Ovarian yolk sac tumor (OYST), often referred to as an endodermal sinus tumor, is a rare subset of ovarian malignancies that comprises approximately 2%–3% of all ovarian tumors [1, 2]. As a malignant ovarian germ cell tumor (MOGCT), it arises from differentiation of the extra-embryonic yolk sac and occurs predominantly in young premenopausal women. Among the subtypes of MOGCT, OYST is the second most prevalent histological type, accounting for roughly 20% of cases [3, 4]. Its prevalence is particularly notable in children, where it represents up to 60% of malignant ovarian tumors. Although OYST primarily originates in gonadal tissues, such as the ovaries and testes, it can also develop in extragonadal locations, including the mediastinum, brain, and retroperitoneum [5].

Due to its rarity, current knowledge about OYST is predominantly based on small retrospective studies. However, many of these studies include mixed cohorts of OYST and other MOGCT subtypes [6, 7], which introduces significant confounding factors. Moreover, there is a lack of large-scale or prospective data to comprehensively evaluate the prognostic factors for OYST. In this study, we performed a systematic, retrospective analysis using the Surveillance, Epidemiology, and End Results (SEER) database to explore potential prognostic factors for OYST. Furthermore, we created and validated a nomogram to predict clinical outcomes, with the aim of assisting clinicians identify high-risk patients, provide optimized prognostic counseling, and ultimately improve patient management.

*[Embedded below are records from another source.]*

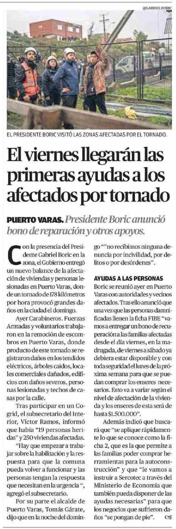 El viernes llegarán las primeras ayudas a los afectados por tornado 27-05-2025 El Mercurio de Calama |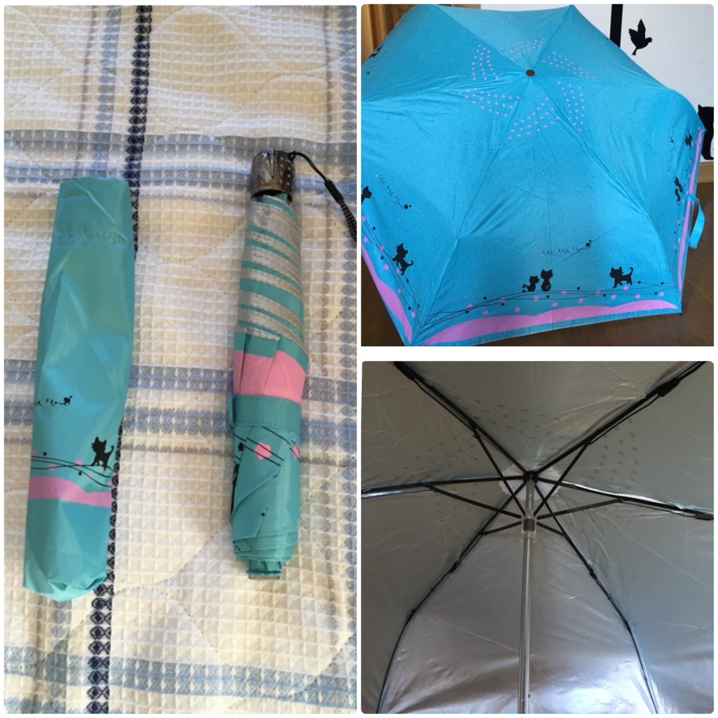 JUGEMテーマ:猫雑貨 晴れの日続きのGWが終わり、本日は朝から雨。 一日中、けっこう降ってます。 こんな日はしっかりした傘を使いますが、お天気崩れるかもという日は折り畳み傘をバッグに忍ばせています。 商品名:【折りたたみ傘/晴雨兼用/猫柄】UVカット 折り畳み傘 購入店舗:Mercury Eight マーキュリーエイト 内側の色はシルバーで、UVカットも遮光度も99% なんてったってお散歩猫のデザインがかわいい!!  ...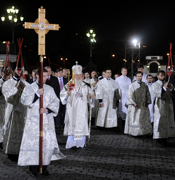 В богослужении Великой Субботы накануне Пасхи уже раскрывается тайна Воскресения Христа. Пасхальная служба начинается около одиннадцати ночи, с полунощницы и крестного хода. Затем, подойдя к дверям храма, торжественным возгласом начинает священник или архиерей утреню Святой Пасхи, за которой следует Божественная Литургия.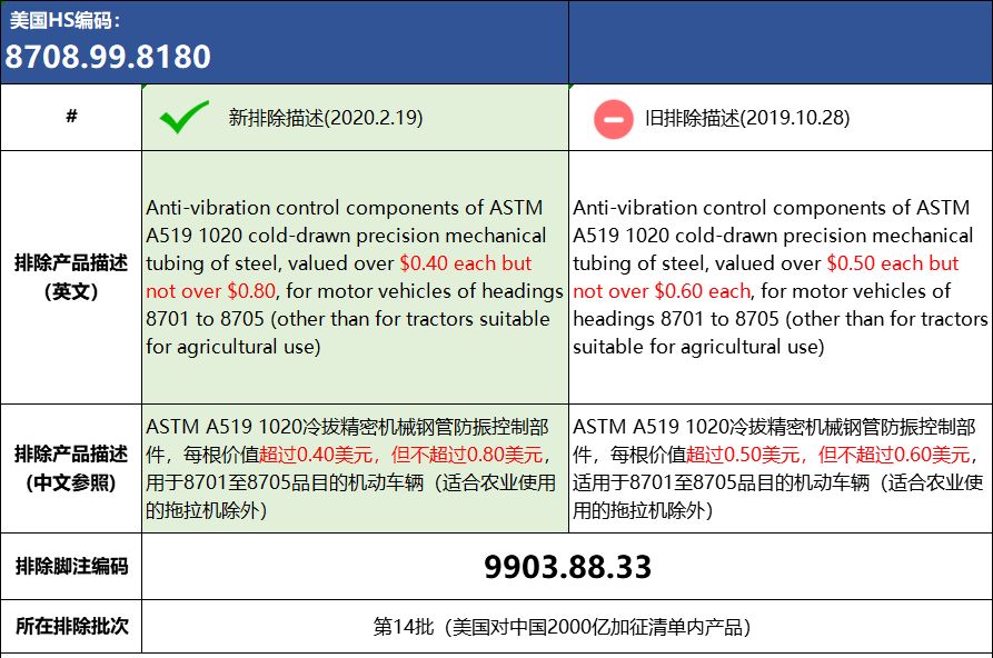 本次公告还对此前第14批排除产品中编码为8708.99.8180和第15批排除产品中编码为4201.00.3000和第16批排除产品中编码为9405.20.6010的排除描述进行了更新: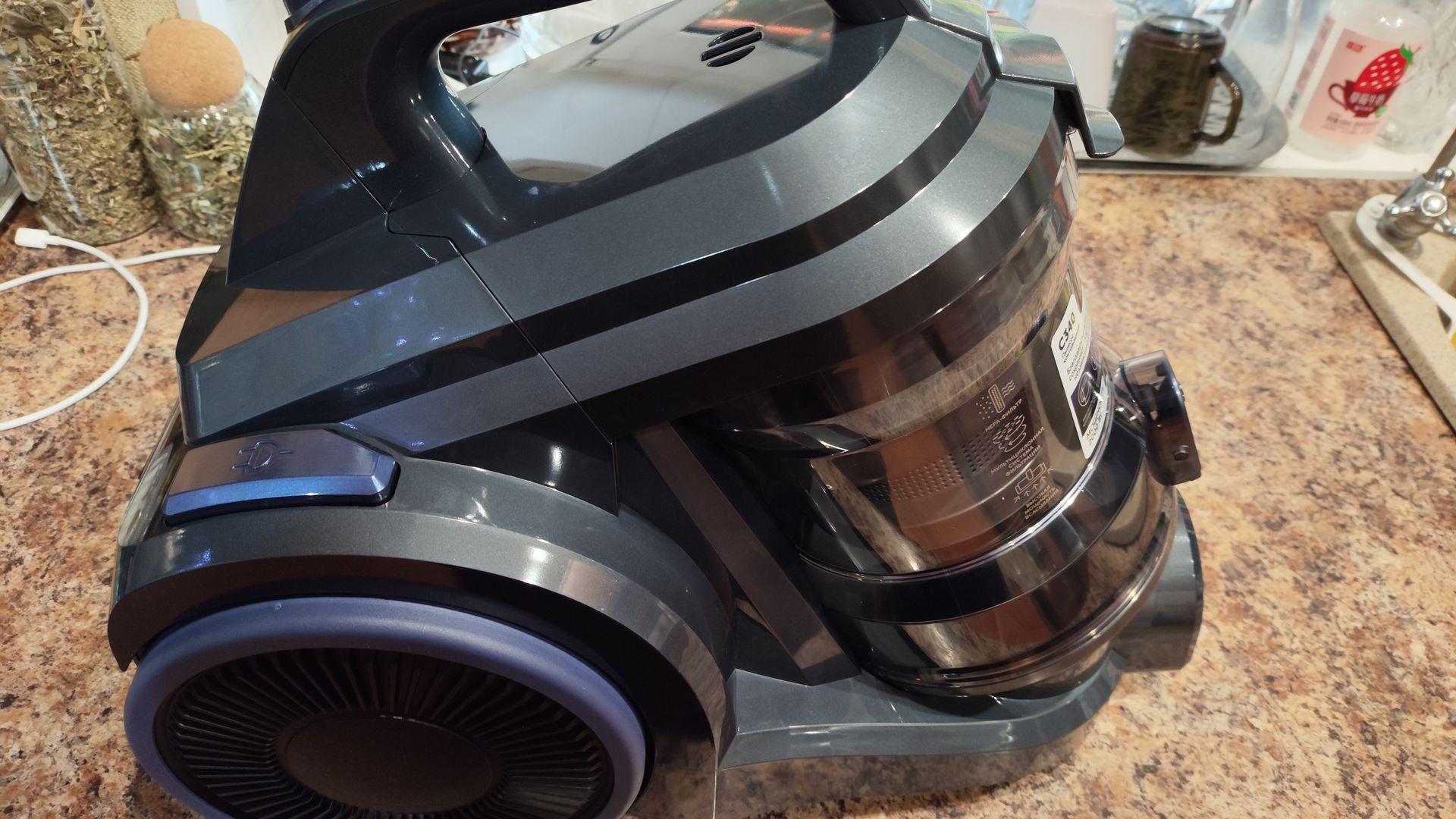 Искали мощный пылесос, перебрали множество вариантов разных брендов. Исходя из характеристик, отзывов и рекомендаций консультантов магазина, выбрали этот. Первая уборка прошла максимально удачно! Пропылесосили мебель, ковры, паркет. Со всеми задачами ( шерсть собаки, пыль) пылесос справился без нареканий. Нужно отметить, что при отличной мощности пылесос не шумный. Чистится очень удобно.

MOGCT comprise several histological subtypes, including dysgerminoma, OYST, immature teratoma, and mixed germ cell tumors. Among these, OYST is recognized for its aggressive behavior and poor prognosis [7, 11]. Patients with OYST often lack specific symptoms in early stages, making diagnosis challenging [11, 12]. Most patients present with chronic abdominal pain or pelvic masses, while a minority seek emergency care due to complications such as ascites, tumor rupture, or torsion.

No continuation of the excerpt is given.